J&J getting ugly OTC episode behind it

Sometime in the future, Johnson & Johnson ($JNJ) expects it will not have to talk about the ugly fallout from its once-troubled Fort Washington, PA, OTC plant at every earnings report. With the steps it has taken, the company expects that sometime to be relatively soon.

The drugmaker this week agreed to settle a shareholder lawsuit that stemmed from the recalls tied to the plant. Execs also said the $100 million retooling of the facility is about done and it should be ready for a crucial FDA reinspection by year's end. When the FDA and a federal judge agree that improvements and changed operations meet the dictates of a 2011 consent decree, it will be reopened. J&J's popular consumer products like Motrin and Tylenol will then flow from the facility and hopefully recapture the market shares they once enjoyed.

"The Fort Washington facility is just about ready for regulatory inspection in the back half of this year. As soon as the inspection is completed, we'll be ready to put that facility back on line," CFO Dominic Caruso said in an update this week, according to The Philadelphia Inquirer. "But even without the facility, we're already seeing 20% growth in the U.S. [over-the-counter] business this quarter." He said in an earnings call that 75% of its OTC brands will be returned to retailers later this year.

The company closed the plant in 2010 after recalling tens of millions of consumer products, including its popular Tylenol and Motrin products. J&J's McNeil Consumer Healthcare signed a consent decree a year later, and the company has gutted the plant and spent more than $100 million to retool it. Shareholders blamed J&J managers for letting problems reach that level and filed lawsuits.  

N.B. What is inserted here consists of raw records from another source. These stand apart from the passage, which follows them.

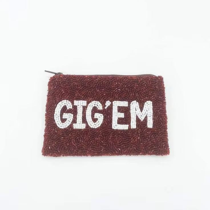 กระเป๋าใส่เหรียญ GIG EM ทำมือ ประดับลูกปัด ผ้าฝ้าย สไตล์สปอร์ต กระเป๋าใบเล็กเก๋ไก๋ ใส่เหรียญ บัตร ของใช้จำเป็น สีสันสดใส
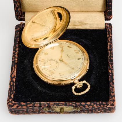 Goldene Art-déco-Sprungdeckeluhr in Etui
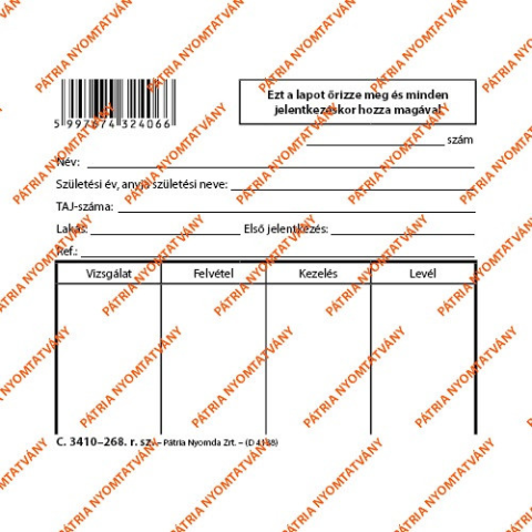 1 kép Pátria Nyomtatvány Onkológiai jelentés szabadlap 120x100 mm
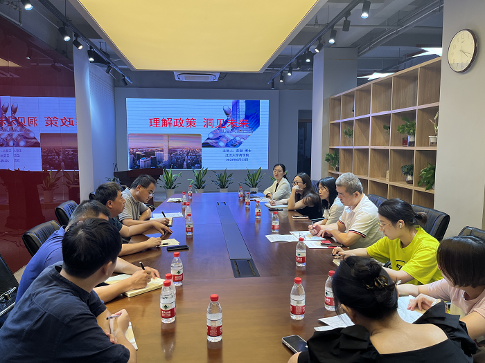 随后,武汉市科技创新服务中心在大智无界空中小镇创意产业园举行了创新人才培训进企业系列活动,园区内10余家企业及重点企业的科技工作者参加了培训。此次培训由创服中心科技志愿者江汉大学彭颖博士讲述“理解政策洞见未来”科技创新课程。从科技政策、财税政策、融资渠道等方面为现场企业带去满满的政策干货。

The lawsuit claimed J&J bungled the handling of recalls so badly that Congress was prompted to investigate, consumers fled its brands and the value of shares fell. The company successfully defended against an earlier derivative shareholder lawsuit that had made similar allegations but decided to settle this one to get the episode behind it. J&J did not admit any wrongdoing but agreed to pay $22.9 million. The company also told analysts this week it has spent the last three years making sure all of the 120 plants in its network meet its stringent quality standards.